→ **PROBLEM STATEMENT**: Make an exact copy, from the records below, of the lines from the line containing "기도하기를 쉬는 죄를" to the line containing "Bokmerke kan brukes", both lines included, excluding pictures.

→ **MATERIAL PROVIDED**:
·····
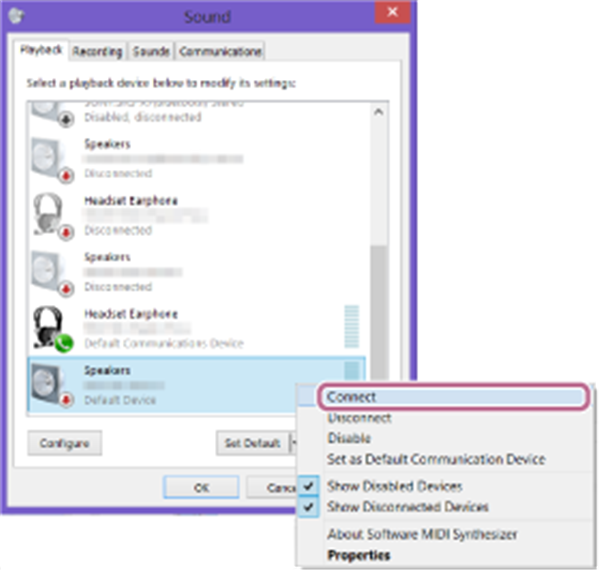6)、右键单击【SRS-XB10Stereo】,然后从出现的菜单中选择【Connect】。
·····
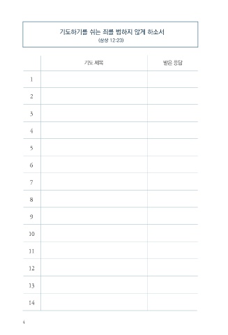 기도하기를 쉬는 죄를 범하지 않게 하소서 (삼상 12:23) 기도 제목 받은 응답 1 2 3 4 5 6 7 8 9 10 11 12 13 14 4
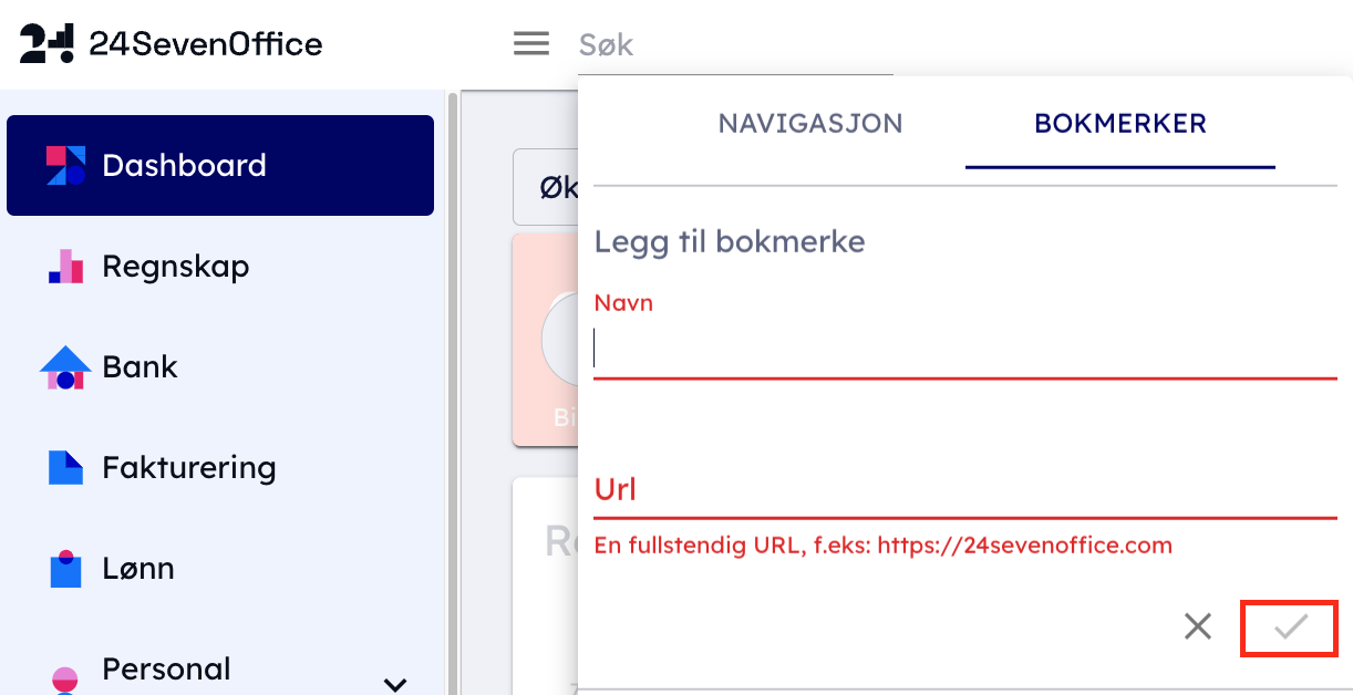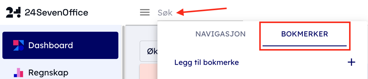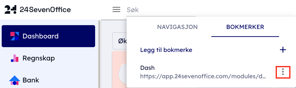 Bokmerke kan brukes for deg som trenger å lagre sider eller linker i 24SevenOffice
·····
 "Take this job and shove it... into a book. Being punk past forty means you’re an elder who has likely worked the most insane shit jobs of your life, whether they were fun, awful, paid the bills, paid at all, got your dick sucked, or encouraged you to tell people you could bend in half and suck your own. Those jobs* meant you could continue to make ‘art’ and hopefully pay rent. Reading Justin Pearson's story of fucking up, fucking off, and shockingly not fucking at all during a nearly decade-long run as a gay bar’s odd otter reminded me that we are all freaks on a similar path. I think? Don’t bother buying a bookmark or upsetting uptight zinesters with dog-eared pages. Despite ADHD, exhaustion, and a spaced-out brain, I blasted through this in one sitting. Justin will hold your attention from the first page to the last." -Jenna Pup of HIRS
·····
→ **SOLUTION FOR THIS TASK**:
 기도하기를 쉬는 죄를 범하지 않게 하소서 (삼상 12:23) 기도 제목 받은 응답 1 2 3 4 5 6 7 8 9 10 11 12 13 14 4
 Bokmerke kan brukes for deg som trenger å lagre sider eller linker i 24SevenOffice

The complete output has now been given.